Column #91
Science or Belief?
Science is based on physical laws that can be demonstrated in the lab. In science labs, students learn how to conduct experiments, analyze and record results, and compare outcomes.1
I’ve been a student of science for over 65 years, and sell grass-fed and Omega-3 meats based on nutritional science. My summaries of science are continually being challenged as self-serving. Are the naysayers out of touch with nutrition, biology, chemistry, agronomy, animal science, and anthropology? They certainly fail to realize I market grass-fed and Omega-3 meats because of nutritional science and a powerful desire to do good.
In contrast to science, many beliefs include:
● Man is a vegetarian.
● Humans are not homogeneous; they have different nutritional requirements.
● No one knows what mankind ate 200,000 years ago.
● Meat causes chronic diseases and should be avoided.
See footnoted links below for scientific literature that strongly discredits these beliefs.
Life began in the sea when single cells developed the ability to absorb energy from the sun.
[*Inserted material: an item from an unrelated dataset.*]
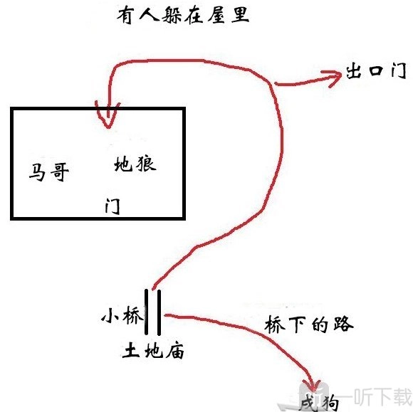 村口土地庙→走村口小桥下的路,遇到戌狗→旁边大坑打浪里个波→丹方交给戌狗

Those cells were the beginning of plants. Afterwards animals developed that acquired energy from eating plants and animals. Plants and animals require common elements to survive, mostly Carbon, Nitrogen, Oxygen, and Hydrogen. Next in quantity are Phosphorus, Potassium, Sulfur, Calcium, and Magnesium. Only minor quantities of Boron, Chlorine, Cobalt, Chromium, Copper, Fluorine, Iodine, Iron, Manganese, Molybdenum, Nickel, Silicon, Selenium, and Zinc are required. 2 3 4 5
Since the beginning of animal life, green leafy vegetation has been at the bottom of the food chain for animals. Because the chemistry of animals and green leafy plants are so similar, animals are good food for other animals. Ditto for humans.6
There are always minuscule differences in the composition of foods required by one animal species to the next. But when it comes to the same species, their needs are the same. All cattle breeds require the same nutrients, all breeds of dogs (descendants of gray wolves) require the same nutrients, and all ethnic groups require the same nutrients.7
Anthropologists have dated stone tools for butchering meat and also animal bones with corresponding cut marks at 2.5 million years old. DNA studies prove that early man ate meat as well as vegetation. The shotgun-sequencing of ancient DNA from five specimens of Neanderthal calcified dental plaque (calculus) from the Spy cave in Belgium, confirms the Neanderthal diet was heavily meat based and included woolly rhinoceros and wild sheep (mouflon), characteristic of a semi-arid environment.8 9
The human stomach has a very low pH (very acidic). It’s nearly as acidic as many carrion eaters such as buzzards. Even some primates are meat eaters. It’s not an anomaly that humans eat meat.10 11
Man can not only survive but thrive eating a diet of only meat. Early Inuit ate virtually nothing except meat and fat yet heart disease and other chronic issues were virtually nonexistent. Dr. Vilhjalmur Stefansson, anthropologist and Arctic explorer, lived with the Inuit during the winter of 1906-1907 and recorded what they ate. Their diet was mostly raw meat from the wild. Stefansson later participated in a controlled, one-year study where he ate nothing but meat.12 13 14
Early American Indians depended on hunting, fishing, gathering, farming, and some domesticated animals. Yet most of their calories came from meat. After Indians started eating modern grain-fed meats and more grain products, their incidences of diabetes and other chronic diseases soared.15 16
Anthropologists recently discovered evidence that humans did some rudimentary farming as early as 23,000 years ago. But it wasn’t until about 12,000 years ago farming became more commonplace with the “Domestication Syndrome” of both plants and animals. As a result, humans rather abruptly changed their food mix but their physiology remained the same.17
Nutritionists point to changes in the diet away from wild meats and vegetative plants as the cause for many modern ailments. Today’s diet is higher glycemic with a significant reduction in Omega-3 fatty acids relative to Omega-6 fatty acids. These changes cause chronic diseases.18
Belief or science? You decide.
To your health.
Ted Slanker
Ted Slanker has been reporting on the fundamentals of nutritional research in publications, television and radio appearances, and at conferences since 1999. He condenses complex studies into the basics required for health and well-being. His eBook, The Real Diet of Man, is available online.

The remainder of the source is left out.